血傀迈步,步伐沉重。每走一步,地砖龟裂。它的右手抬起,掌心浮现出一枚玉简,正是南宫玥藏了十年的《换命录》残片。
楚寒眼神一沉。
他们不仅知道她是谁,还挖出了她最深的秘密。
南宫玥的手指抠进掌心。她想冲上去,却被锁链拉住。
楚寒回头,声音很轻:“你现在冲上去,等于把命交给他。”
“那你说怎么办?”她咬牙。
“等。”他说,“等它露出破绽。”
血傀停下,站在五丈外。它没有进攻,只是缓缓举起玉简,贴在护心镜上。
镜面波动,映出一段画面……
一个少女跪在废墟中,怀里抱着染血的《天工谱》。她身后是燃烧的药王谷,天空下着灰雨。她抬头,满脸是血,却还在笑。
那是十年前的南宫玥。
画面一闪,又变……
她躲在楚家祠堂角落,偷偷记录药方毒素。她写下“第七味:蚀魂根”,笔尖顿了顿,又添一句:“若遇紫焰,可解。”
那是她第一次试图救楚寒。
再变……
她在噬魂渊底,将冰魄丹塞进昏迷的楚寒嘴里,自己却因毒发蜷缩在地。她一只手抓着岩壁,指甲全裂,嘴里还在念:“不能死……他还不能死……”
画面终止。
血傀收回玉简,护心镜恢复平静。
南宫玥站着没动,但楚寒感觉到她的呼吸乱了。锁链传来的不仅是生理信号,还有记忆的重量。
他低头看她,“他们想让你觉得自己是个笑话。”
“我知道。”她声音哑了。
“可你不是。”他说,“你是第一个敢在我面前拔剑的人。”
她抬头看他。
他举起断剑,指向血傀,“现在,让我看看你当年写的解药——管不管用。”
她深吸一口气,抬手抹去嘴角血迹。
“好。”
她右手一扬,三枚银针飞出,直取血傀双眼。楚寒剑锋一引,紫绿双焰叠加针尾,速度暴涨。
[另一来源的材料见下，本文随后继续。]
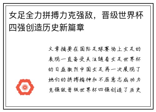 文章摘要:梅西,作为阿根廷足球的传奇人物,始终是全球足坛的焦点。在2022年世界杯中,梅西凭借着其卓越的个人能力和超凡的领导力,再一次带领阿根廷成功晋级世界杯四强,并为国家足球历史写下了崭新的一页。本文将从四个方面详细探讨梅西如何以个人才华和精神力量带领阿根廷走向世界杯四强。首先,我们将回顾梅西的历史性表现以及他的团队协作;其次,我们将分析梅西的技术优势和心理素质对球队的影响;接着,我们将从阿根廷...

血傀举臂格挡,护心镜挡住一针,其馀两针穿透肩胛,炸出黑烟。
它没退,反而踏前一步,胸口符文亮起。
楚寒忽然皱眉。
他感觉到锁链另一端传来一阵异常波动——南宫玥的气血正在急速下降,但她的眼神越来越亮。
她在燃烧生命。
“住手!”他喝道。
“来不及了。”她笑,“我等这一天,太久了。”
她双手结印,指尖滴血,印在锁链连接处。
“以我之血,燃此羁拌……”
楚寒猛地拽她后退,但锁链已经发红,热得几乎融化皮肤。
他瞪着她,“你疯了?”
“我没疯。”她说,“我只是终于,能为你做点事了。”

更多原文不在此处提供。